EXERCISE PROMPT: Lines before the one containing "#ビーチガウン #透かしデザイン #リゾートコーデ" are not wanted; restate the rest below word for word, through the last line, but drop any pictures.

DATASET SECTION:
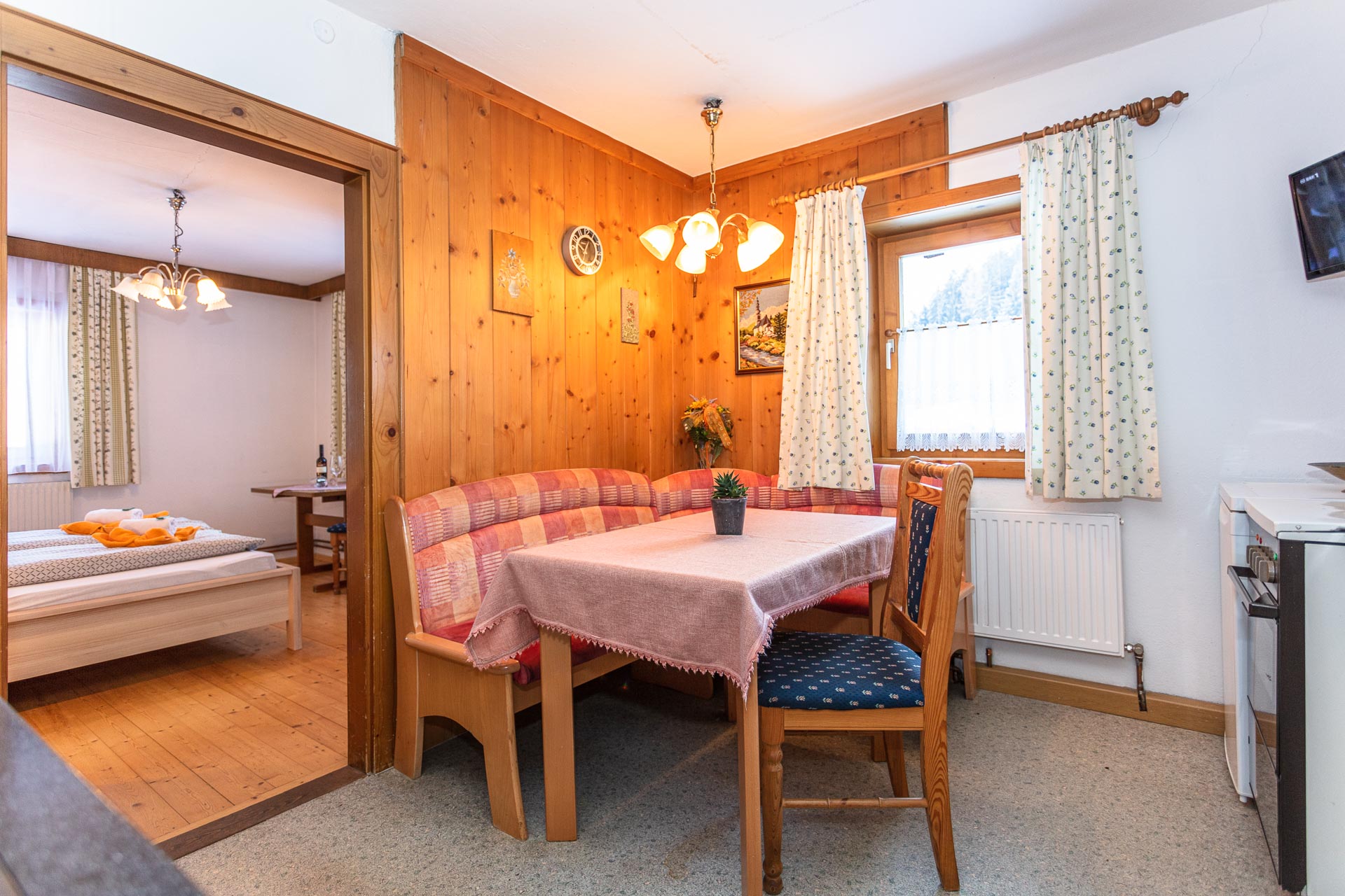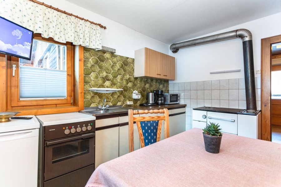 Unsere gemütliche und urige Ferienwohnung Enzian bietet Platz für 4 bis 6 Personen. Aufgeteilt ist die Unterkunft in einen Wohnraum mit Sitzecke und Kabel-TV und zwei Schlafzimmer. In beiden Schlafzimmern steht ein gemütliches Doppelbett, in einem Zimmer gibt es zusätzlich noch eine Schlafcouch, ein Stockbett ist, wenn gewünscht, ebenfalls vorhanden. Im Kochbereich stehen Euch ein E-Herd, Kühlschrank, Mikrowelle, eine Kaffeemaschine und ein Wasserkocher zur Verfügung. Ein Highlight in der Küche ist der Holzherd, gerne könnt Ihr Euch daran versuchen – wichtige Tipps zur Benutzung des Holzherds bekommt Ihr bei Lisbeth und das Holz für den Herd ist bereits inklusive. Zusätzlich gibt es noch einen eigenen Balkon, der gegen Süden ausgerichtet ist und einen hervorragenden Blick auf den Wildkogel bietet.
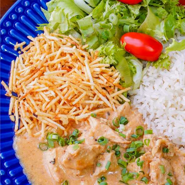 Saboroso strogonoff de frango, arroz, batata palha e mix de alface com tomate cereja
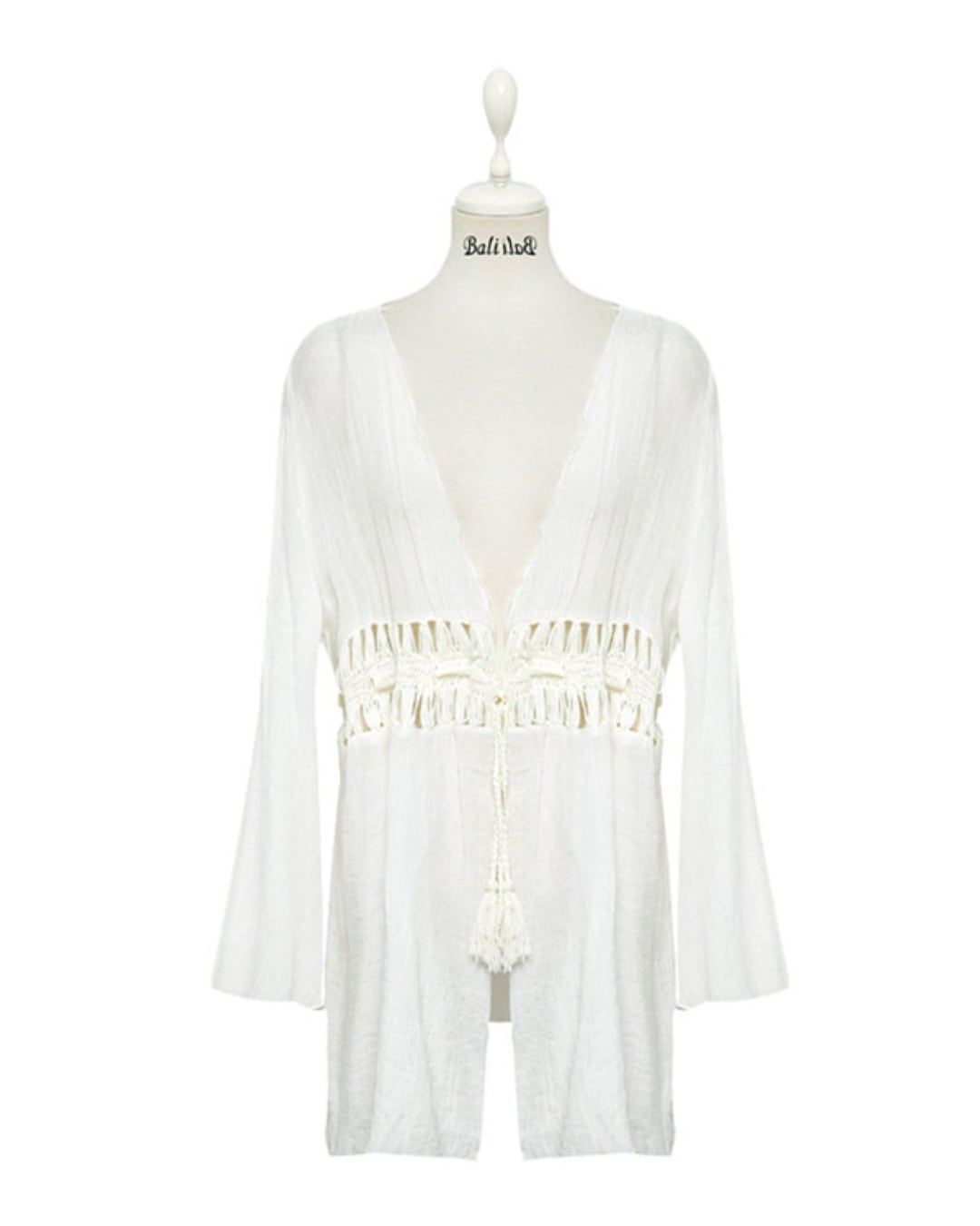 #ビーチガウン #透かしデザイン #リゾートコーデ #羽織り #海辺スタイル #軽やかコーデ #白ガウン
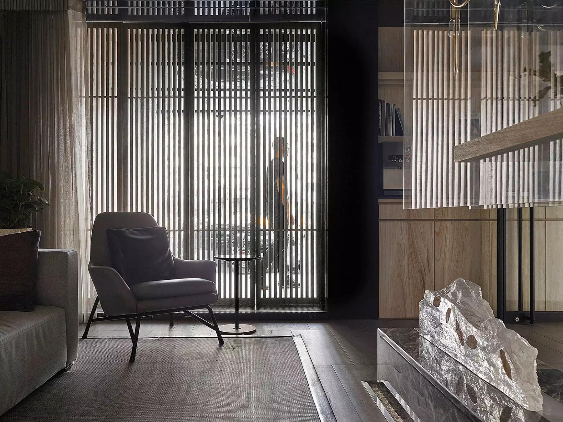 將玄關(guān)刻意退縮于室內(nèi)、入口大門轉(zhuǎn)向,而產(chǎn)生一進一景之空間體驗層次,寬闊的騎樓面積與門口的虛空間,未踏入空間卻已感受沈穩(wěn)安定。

EXERCISE OUTPUT:
 #ビーチガウン #透かしデザイン #リゾートコーデ #羽織り #海辺スタイル #軽やかコーデ #白ガウン
 將玄關(guān)刻意退縮于室內(nèi)、入口大門轉(zhuǎn)向,而產(chǎn)生一進一景之空間體驗層次,寬闊的騎樓面積與門口的虛空間,未踏入空間卻已感受沈穩(wěn)安定。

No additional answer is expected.